I'm migrating spark job from private data center to GCP. Earlier I was using FileSystem from hadoop.fs to transfer and delete file within maprfs. But with GCP bucket, this is not working. I have to transfer files from directory A to directory B within the same GCP bucket and then delete files from directory A after transfer. The below two methods don't work in GCP. Can you please suggest any other libraries in scala that support transfer and delete of files in google cloud storage bucket.
Delete method:
import org.apache.hadoop.fs.{LocatedFileStatus, Path, RemoteIterator, FileSystem, FileUtil}
def deleteFiles(sc: SparkContext, reingestHdfsFiles: String): Unit = {
val files = hdfsFiles.split(FILE_SEPERATOR)
var fs: FileSystem = null
try {
fs = path.getFileSystem(sc.hadoopConfiguration)
for (file <- files) {
val p = new Path(file)
if (fs.exists(p)) {
fs.delete(p, true)
println("Deleted: " + file)
} else {
println("Error, Unable to delete:" + file)
}
}
} catch {
case e: Exception => println("Exception while deleting files");
} finally {
if (fs != null) fs.close()
}}
File transfer method:
import org.apache.hadoop.fs.{LocatedFileStatus, Path, RemoteIterator, FileSystem, FileUtil}
def moveFiles(sc: SparkContext, hdfsFiles: String, toLoc:String): Unit = {
val files = hdfsFiles.split(FILE_SEPERATOR)
var fs: FileSystem = null
var fu: FileUtil = null
try {
fs = path.getFileSystem(sc.hadoopConfiguration)
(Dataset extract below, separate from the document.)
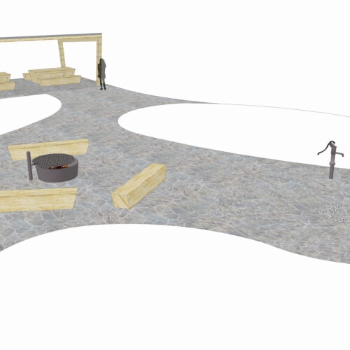 V centrální části prostoru – v „srdci“ Hliníku je umístěná pumpa (napojená na vrtanou studnu), která se vsakuje do uměle vytvořené tůňky. V blízkosti pumpy je umístěné ohniště a tři sedáky. Pro větší pohodlí je v Hliníku umístěný přístřešek se stoly a lavicemi. Ve svahu jsou navržené schůdky z akátových trámů.
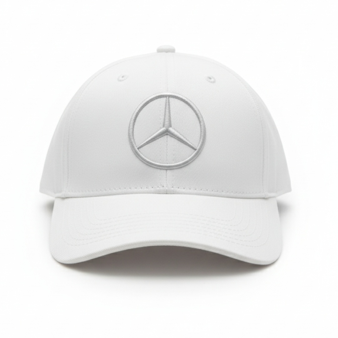 Show off your premium style with the Mercedes-Benz White Cotton Baseball Cap. Crafted from soft, high-quality cotton, this cap offers all-day comfort and durability. The crisp white base is elegantly complemented by the silver embroidered Mercedes-Benz star logo on the front, exuding sophistication and luxury. Featuring an adjustable strap, this cap ensures a perfect fit, making it ideal for casual outings, sports, or stylish streetwear. Add a touch of automotive prestige to your everyday wardrobe.

if(!fs.exists(new Path(toLoc))) fs.mkdirs(new Path(toLoc))
for (file <- files) {
val p = new Path(file)
if (fs.exists(p)) {
//println("Move successful: " + fs.rename(p, new Path(toLoc + file.substring(file.lastIndexOf('/') + 1)+ '/')))
FileUtil.copy(srcFS, src, dsdtFS, dst, false, sc.hadoopConfiguration)
} else {
println("Error, File does not exist:" + file)
}
}
} catch {
case e: Exception => println("Exception while moving files");
} finally {
if (fs != null) fs.close()
}}